[Start of section]
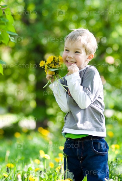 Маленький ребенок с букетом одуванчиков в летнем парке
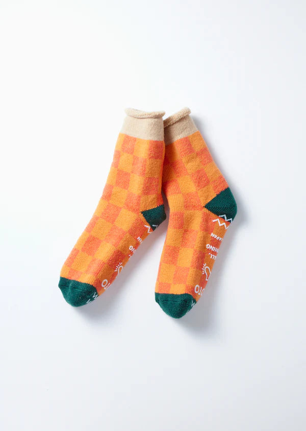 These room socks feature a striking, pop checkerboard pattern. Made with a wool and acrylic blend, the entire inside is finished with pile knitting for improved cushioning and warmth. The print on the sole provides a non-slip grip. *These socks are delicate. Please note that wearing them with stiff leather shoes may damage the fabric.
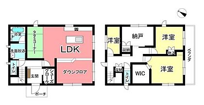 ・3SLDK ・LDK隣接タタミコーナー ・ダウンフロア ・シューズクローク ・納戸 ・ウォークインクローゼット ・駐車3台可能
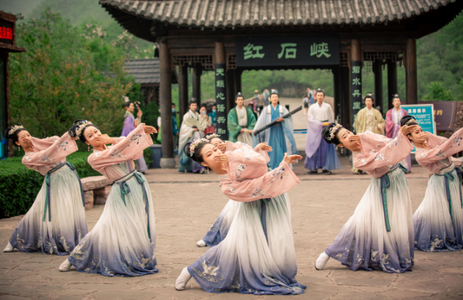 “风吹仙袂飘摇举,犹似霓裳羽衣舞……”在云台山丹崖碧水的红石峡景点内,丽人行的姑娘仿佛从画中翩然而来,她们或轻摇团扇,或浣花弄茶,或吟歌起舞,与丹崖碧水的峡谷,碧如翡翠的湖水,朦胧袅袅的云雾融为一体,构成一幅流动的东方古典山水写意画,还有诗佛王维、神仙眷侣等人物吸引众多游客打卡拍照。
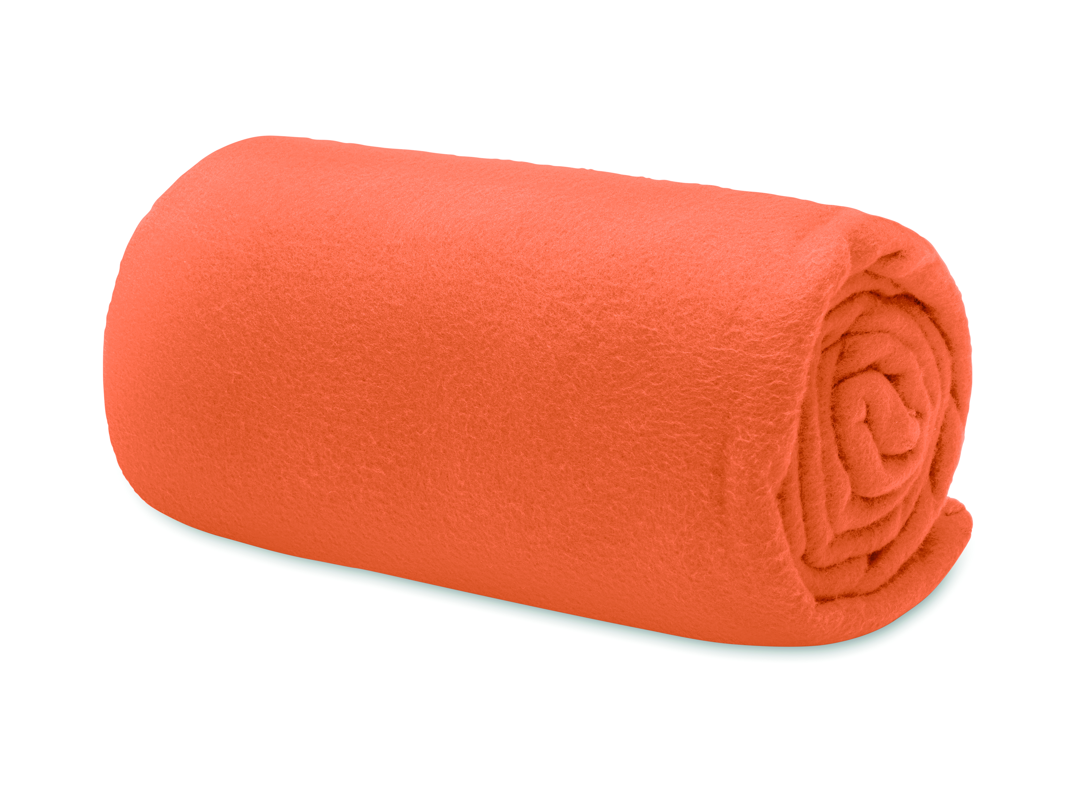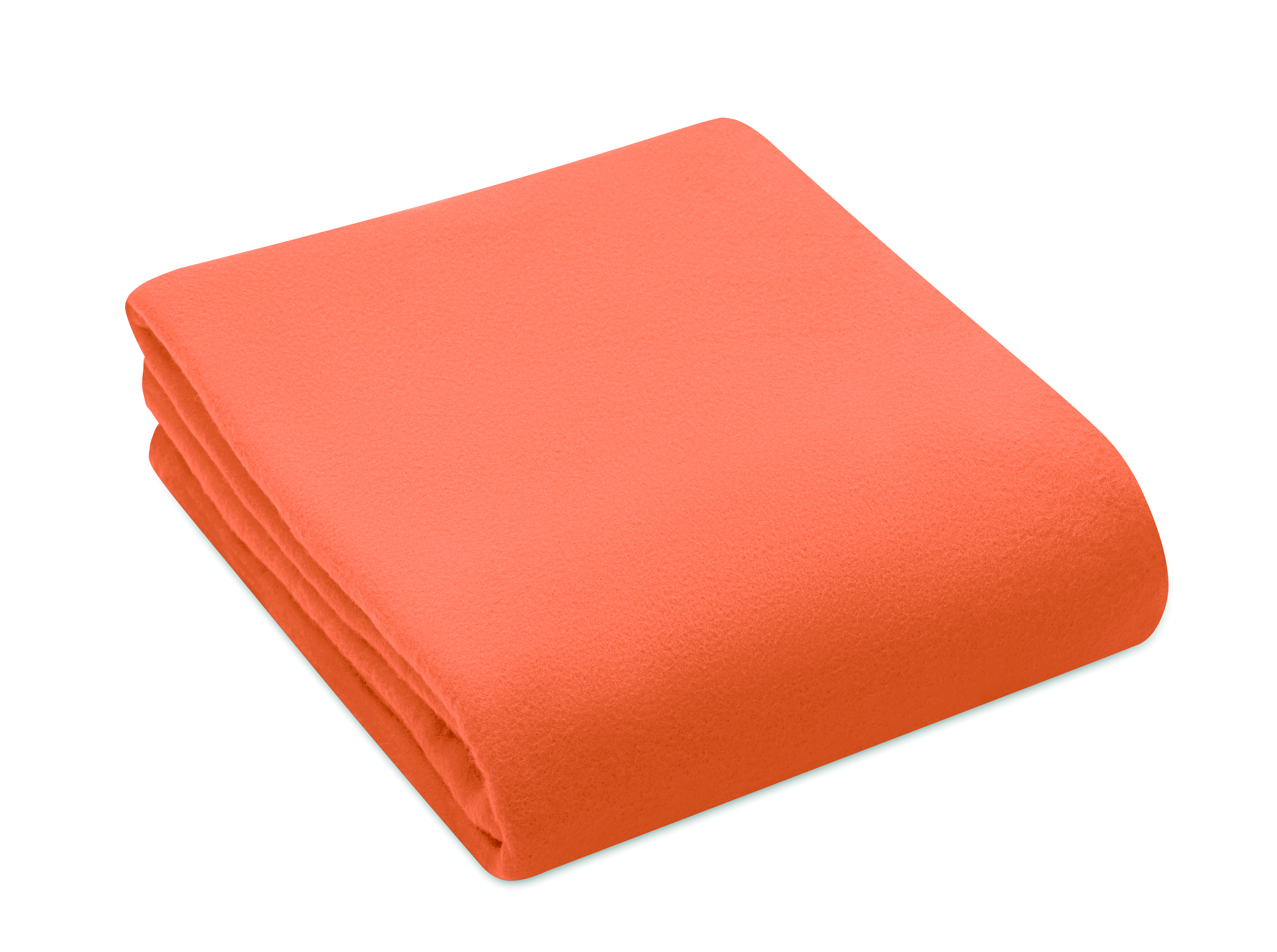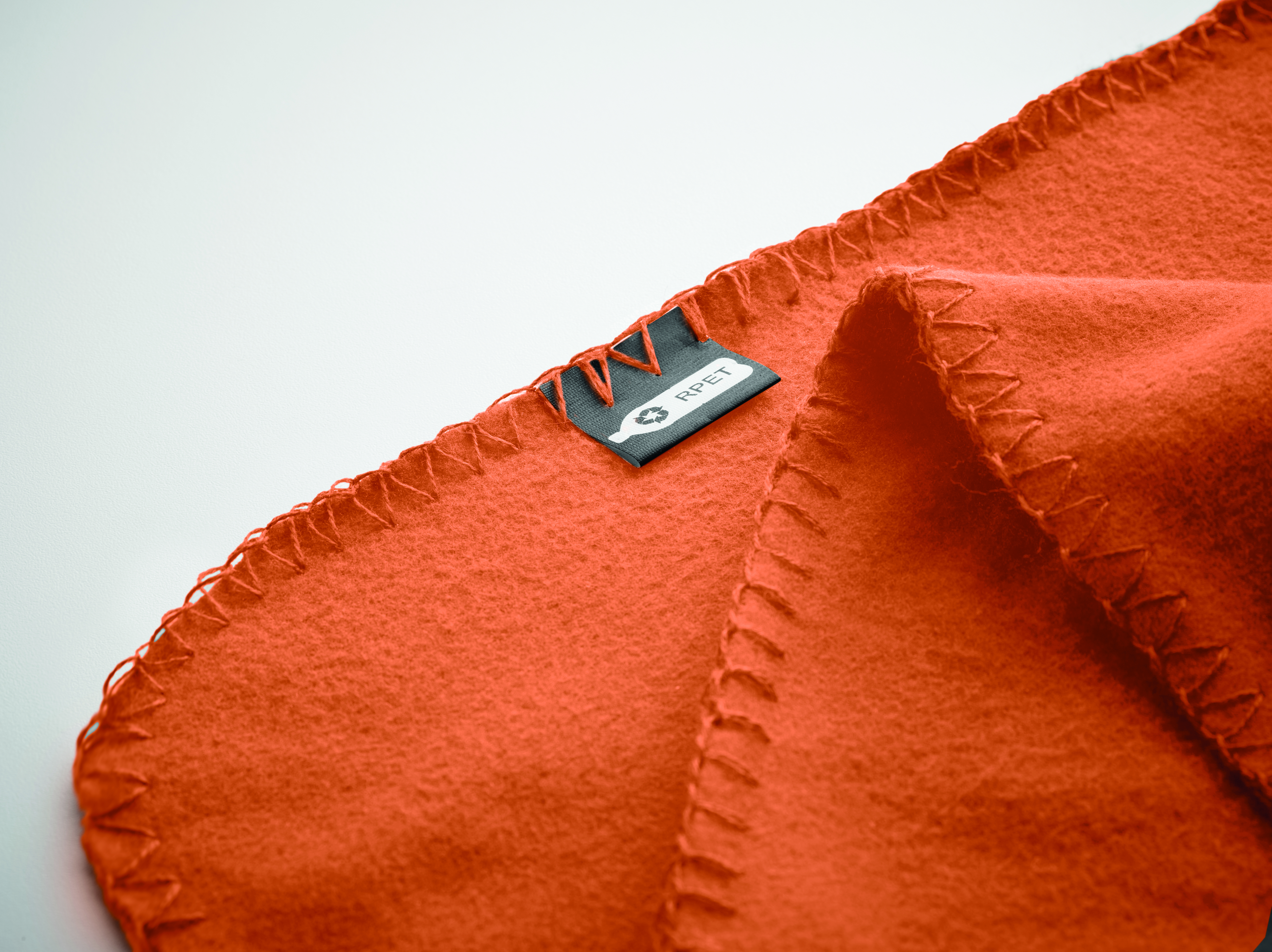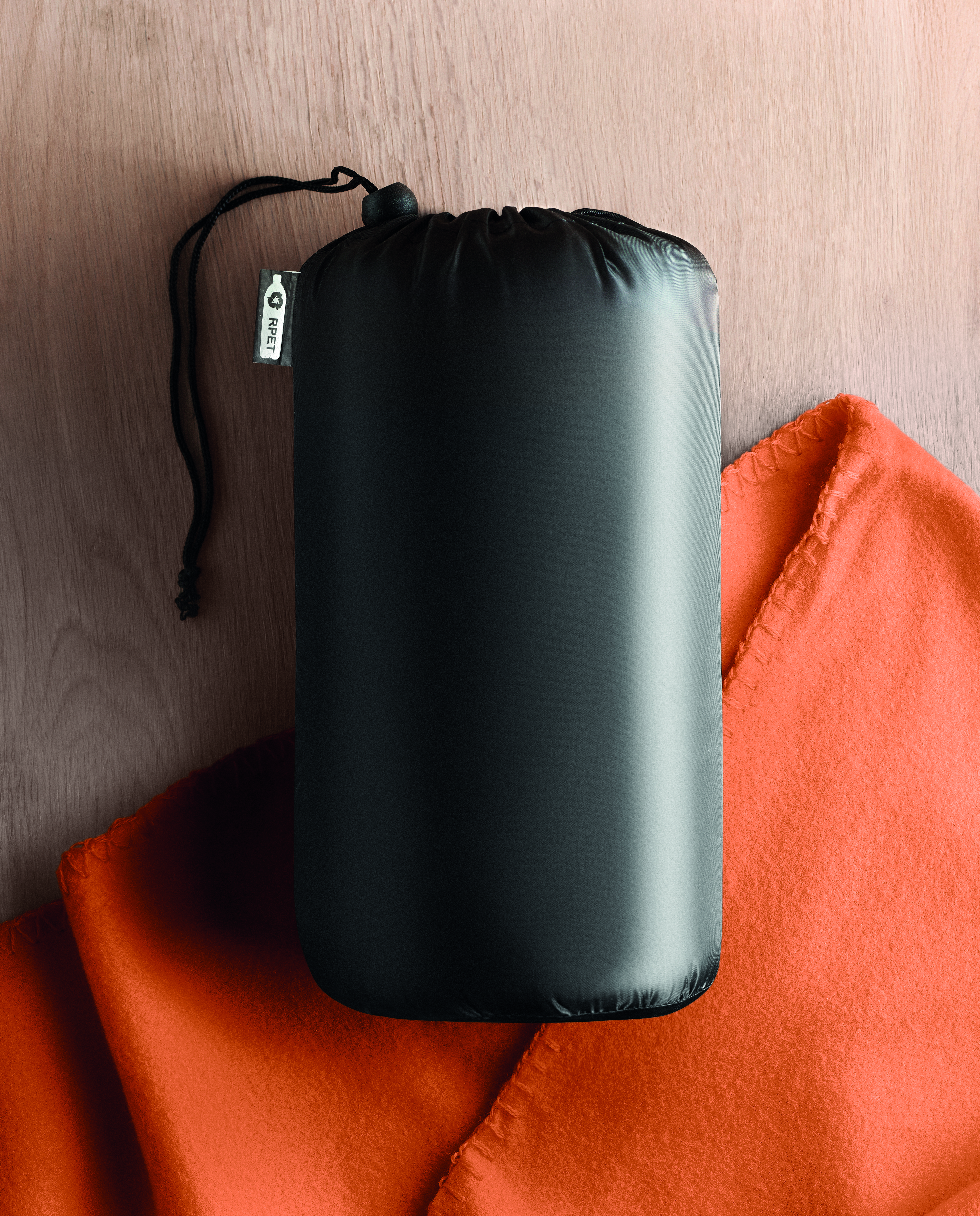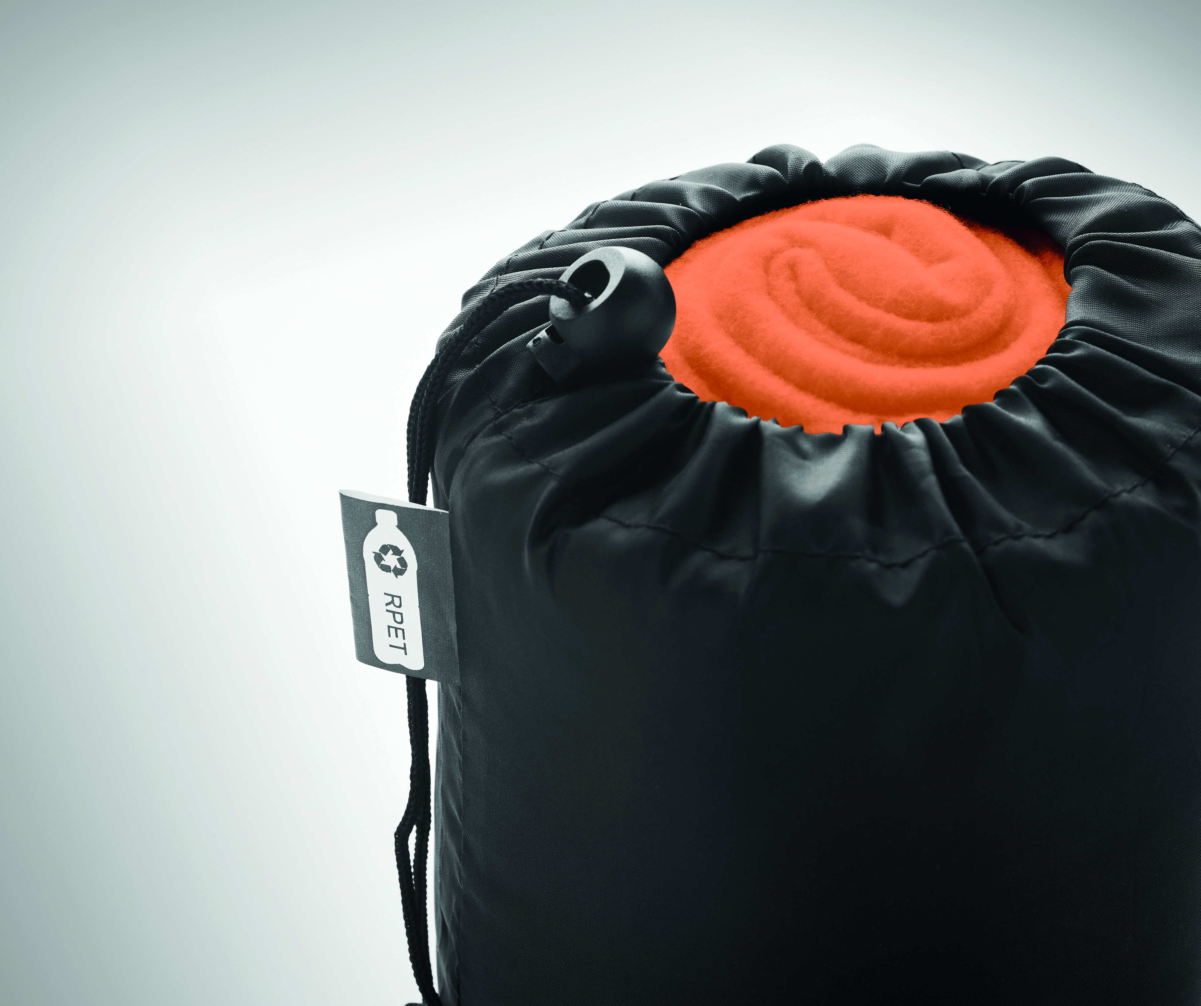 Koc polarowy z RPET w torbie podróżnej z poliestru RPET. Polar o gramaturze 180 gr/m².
[End of section]
Work task »
Could the entries above be copied out exactly, with no pictures included?

Output of the exercise »
 Маленький ребенок с букетом одуванчиков в летнем парке
 These room socks feature a striking, pop checkerboard pattern. Made with a wool and acrylic blend, the entire inside is finished with pile knitting for improved cushioning and warmth. The print on the sole provides a non-slip grip. *These socks are delicate. Please note that wearing them with stiff leather shoes may damage the fabric.
 ・3SLDK ・LDK隣接タタミコーナー ・ダウンフロア ・シューズクローク ・納戸 ・ウォークインクローゼット ・駐車3台可能
 “风吹仙袂飘摇举,犹似霓裳羽衣舞……”在云台山丹崖碧水的红石峡景点内,丽人行的姑娘仿佛从画中翩然而来,她们或轻摇团扇,或浣花弄茶,或吟歌起舞,与丹崖碧水的峡谷,碧如翡翠的湖水,朦胧袅袅的云雾融为一体,构成一幅流动的东方古典山水写意画,还有诗佛王维、神仙眷侣等人物吸引众多游客打卡拍照。
 Koc polarowy z RPET w torbie podróżnej z poliestru RPET. Polar o gramaturze 180 gr/m².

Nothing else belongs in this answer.